I am indeed biased towards gold and inflation for obvious reasons but I do agree on the critics by some who claim the substance of those predicting high inflation and high gold prices can be seriously flawed and missinforming at times. That's why I remembered the Shadowstats report as one of the more comprehensive reports I have come across, trying to dig deeper then the - 'they will keep printing money till we run out of trees' mantra hence why I posted it here for it to be dissected and thanks again for that.
Speaking of the Fed Loan Survey, its out http://www.federalreserve.gov/boarddocs/SnLoanSurvey/200911/charts.pdf http://www.federalreserve.gov/boarddocs/SnLoanSurvey/200911/table1.htm http://www.federalreserve.gov/boarddocs/SnLoanSurvey/200911/table2.htm Pretty much all categories of loans had standards tightened further, that's decreased lending on top of previous decreased lending. The last credit crunch had a 1-2 year leg between net loosening of standards till the first hike(which was made sooner than normal due a Greenspan 'experiment'), this time around the net loosening might only come in 2010 Q1 maybe only on Q2, with standards even tighter than the 90-91 crunch, suggesting a longer lag. I'm very long the front end here and I see no reason to take profits
UST report of banks bailed out by TARP http://www.financialstability.gov/impact/monthlyLendingandIntermediationSnapshot.htm Same thing, little lending, bank balance sheets contracting
As a back-of-the-envelope, I'd guess JWH ran about twice as hot (in terms of annualized vol) as the current generation of multi-$b trendfollowers, so you might want to include a factor of two in there somewhere.
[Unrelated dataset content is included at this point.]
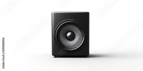 Fototapeta premium Black subwoofer speaker isolated on white background.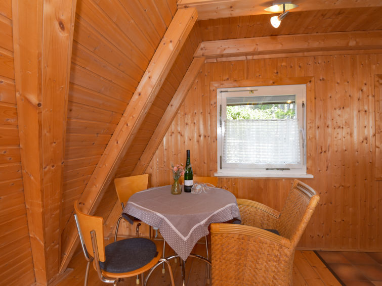 Huis 2-kamers 60 m2 op 3 verdiepingen. Gezellig en met veel hout ingericht: souterrain: douche/WC, Sauna. Bovenverdieping: woon-/eetkamer met Sat-TV (Flatscreen TV), CD-speler en DVD. Uitgang naar het balkon. Kookhoek (oven, 4 keramische glas kookplaten, broodrooster, waterkoker, magnetron, diepvriezer, elektrische koffiemachine) met eettafel. Zolderverdieping: (ladder) open, 1 kamer met afgeschuinde daken met 2 bedden en 1 2-pers bed. Gas-verwarming. Balkon 12 m2, terras 25 m2. Terrasmeubelen, balkonmeubilair, barbecue, ligstoelen (2). Mooi uitzicht. Ter beschikking: Internet (Internet (WiFi), gratis). Parkeerplaats (1 Auto) bij het huis. Rookvrij huis. Maximaal 3 huisdieren/honden toegestaan. Rookmelders, brandblusser.

See your point and what bothers me is this: US & other govt see that stimulus money ends up paying back loans and not enough spending. People saw glimpse of bad times and are now scared having a loan and want off the hook. All predictable. Stimulus unexpectedly continues to achieve objective. It will have to run quite long time until enough people 'repaired' their balance sheets to be ready to spend again and ready to take on debt => inflation will have to pop out later on => markets going up in anticipation ?
I'm currently reading the book Practical Speculation by VN and Laurel Kennel. Its good, just finished the 1st and 2nd chapters. The 2nd one is interesting because it claims PE ratios have little or no predictive power for stock returns(indices), I thought that was the case after looking at John Mauldin's research. Instead of getting angry at VN and saying stuff 'well he blew up' because he is shaking some of my beliefs(like 99% of ET or the world would do) I rather step back and think about his data and see why is that so, but I dont have a strong conclusion at this point, I feel like I need to re-read the chapter It also mentions a certain negative correlation between earnings and stock returns(large cap indexes, not on individual stocks). This could be due the fact the market tries to antecipate earnings and expectations are more important than the actual earnings
I read both of VN's books, Practical and Education. He's an incredibly smart and astute guy and I agree with many of his findings and opinions, many are hard to argue with. Just not all of them. The criticism that VN blew up comes from a very simple fact: He predicted that all major trend following funds will blow up and disappear. It is quite ironic that's all.
Nice to see this thread at least make an attempt to get back on track ... I would note the continued fascinating price action as equities melt up to the tune of around 5% over the past few sessions, yet GS futures and treasuries continue to move up as well. There's something happenin' here ... I too have read both of Vic's books. Ed of Spec is a must-read classic for pretty much anybody. The other book, not so much. I have noticed that the posts on Vic's website have taken a different turn since late 2007. Prior to the meltdown, Vic and his minions saw nothing but positives from the housing/consumption/building/big box store/strip mall/credit booms. They spent the majority of their time bashing any who would point out the bubbles being formed. Vic himself spent most of 07 pounding the table that the subprime mess was so widely known that it had long ago been discounted in stock prices. He also very publicly was a buyer of Google at the very top. Vic's posts have now moved far away from economic and stock forecasting. Its become a better site.